グルコースは、細胞がエネルギーを生み出すための材料であるだけでなく、タンパク質や脂質に「糖鎖」を付加するための材料としても利用されています。糖鎖修飾がうまく行われないと、タンパク質や脂質は正しく機能できず、細胞全体のバランスが崩れてしまいます。特に「N型糖鎖」と呼ばれる修飾は、細胞内の小胞体で行われ、細胞の恒常性維持に重要な役割を果たしています。
N型糖鎖は、マンノースを含む複数の糖を組み合わせて作られます。これまでの研究から、グルコースが不足すると、マンノースを供給する代謝が弱まるため、N型糖鎖が十分に作られなくなることが分かっていました。しかし、グルコース不足は細胞全体の代謝に広範な影響を及ぼすため、N型糖鎖の減少そのものが、細胞の生存を助けているのか、それとも死に追い込んでいるのかを切り分けて調べることは困難でした。
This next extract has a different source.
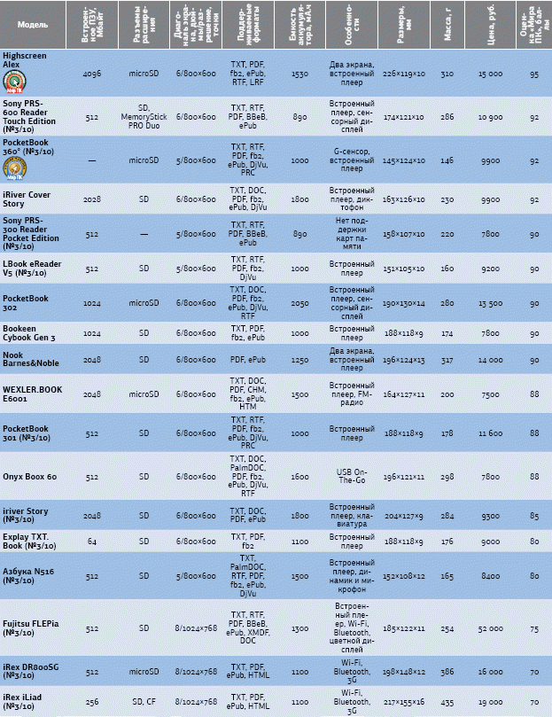 Что же касается наших рекомендаций, то наиболее функциональной и инновационной мы посчитали модель Highscreen Alex, получившую значок «Выбор редакции», тогда как «Лучшая покупка» по-прежнему остается за устройством PocketBook 360°: на наш взгляд, эта «книжка» имеет отличные показатели при весьма умеренной цене.

そこで本研究では、がん細胞を遺伝子操作することで、これまで困難だったマンノース代謝を通常のグルコース代謝から切り離して解析できる実験手法を構築しました。この手法により、グルコースとマンノースの代謝をそれぞれ独立に制御することが可能となり、糖不足の環境下で、どの代謝経路が細胞の運命決定に関わっているのかを明確に調べることができました。
その結果、マンノース代謝を弱めると、N型糖鎖が大きく減少することが分かりました(図2-①)。この状態では、小胞体ストレス応答と呼ばれる細胞の防御反応が活性化し、このストレスががん細胞の生存を促す方向に働くことが明らかになりました。
一方で、マンノース代謝をさらに弱めると、N型糖鎖はほとんど作られなくなりました(図2-②)。この過酷な状況下でも、がん細胞は生き延びていましたが、細胞内のリソソームと呼ばれる掃除役を保護していた糖鎖の層が失われていました。その結果、リソソームがストレスに弱くなり、がん細胞全体としては強いストレスに耐えられなくなることが分かりました。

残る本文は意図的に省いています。